Posted to commits@cassandra.apache.org by yc...@apache.org on 2022/11/16 00:07:03 UTC
[cassandra] branch trunk updated: Adding endpoint verification option to client_encryption_options
This is an automated email from the ASF dual-hosted git repository.
ycai pushed a commit to branch trunk
in repository https://gitbox.apache.org/repos/asf/cassandra.git
The following commit(s) were added to refs/heads/trunk by this push:
new 36e16ee3c9 Adding endpoint verification option to client_encryption_options
36e16ee3c9 is described below
commit 36e16ee3c911c710129fcf3a69595038c3dbd385
Author: Jyothsna Konisa <jk...@apple.com>
AuthorDate: Mon Nov 14 14:16:07 2022 -0800
Adding endpoint verification option to client_encryption_options
patch by Jyothsna Konisa; reviewed by Jon Meredith, Yifan Cai for CASSANDRA-18034
---
CHANGES.txt | 1 +
conf/cassandra.yaml | 1 +
.../org/apache/cassandra/net/SocketFactory.java | 2 +-
.../cassandra/transport/PipelineConfigurator.java | 8 +-
.../apache/cassandra/transport/SimpleClient.java | 4 +-
test/conf/cassandra_ssl_test.truststore | Bin 3240 -> 5295 bytes
.../cassandra_ssl_test_endpoint_verify.keystore | Bin 0 -> 2087 bytes
.../test/NativeTransportEncryptionOptionsTest.java | 101 +++++++++++++++++++++
8 files changed, 113 insertions(+), 4 deletions(-)
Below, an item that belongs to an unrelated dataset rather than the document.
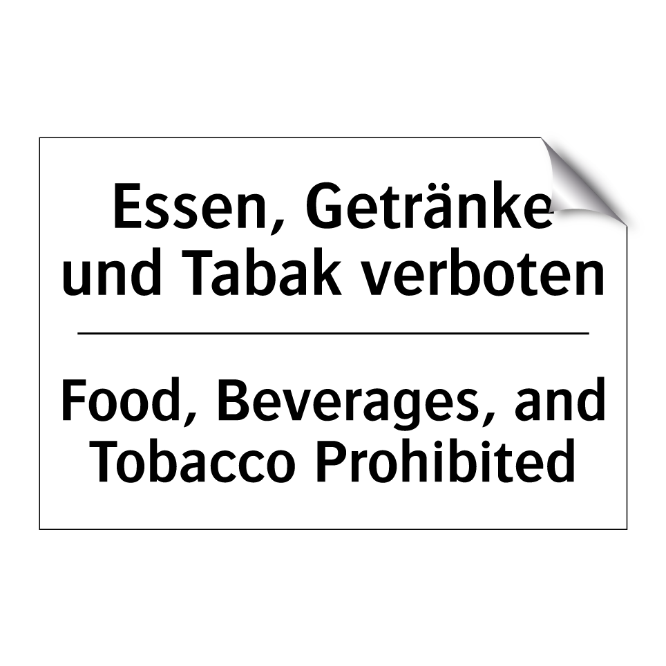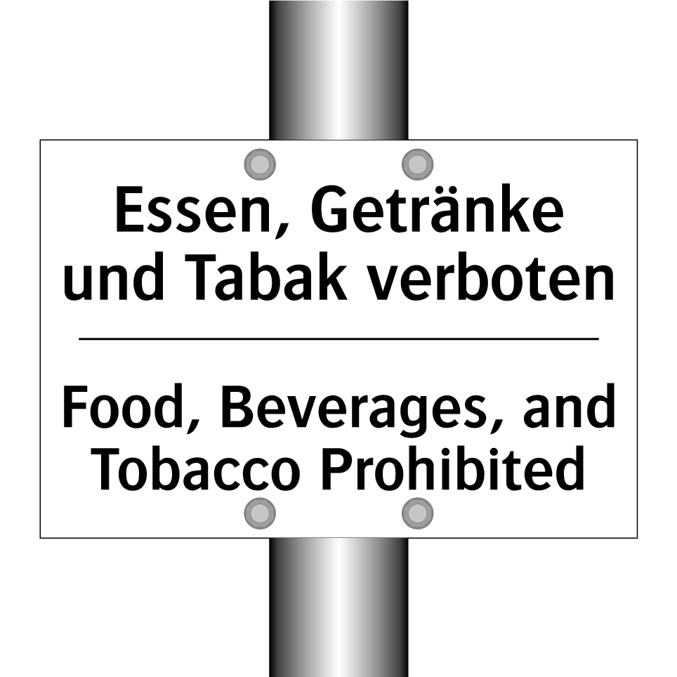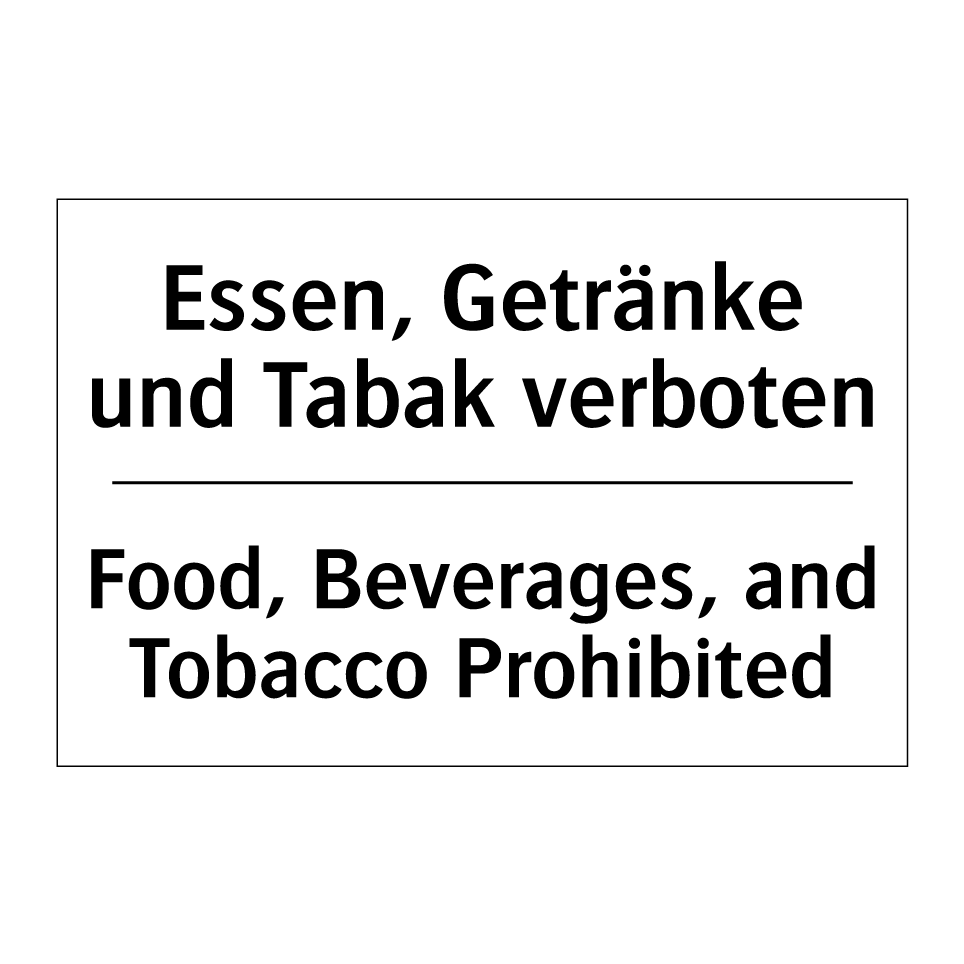 Zweisprachiges Verbotsschild mit deutschem Text Essen, Getränke und Tabak verboten und englischem Text Food, Beverages, and Tobacco Prohibited

diff --git a/CHANGES.txt b/CHANGES.txt
index 0ea3c65c46..0c94126de7 100644
--- a/CHANGES.txt
+++ b/CHANGES.txt
@@ -1,4 +1,5 @@
4.2
+ * Adding endpoint verification option to client_encryption_options (CASSANDRA-18034)
* Replace 'wcwidth.py' with pypi module (CASSANDRA-17287)
* Add nodetool forcecompact to remove tombstoned or ttl'd data ignoring GC grace for given table and partition keys (CASSANDRA-17711)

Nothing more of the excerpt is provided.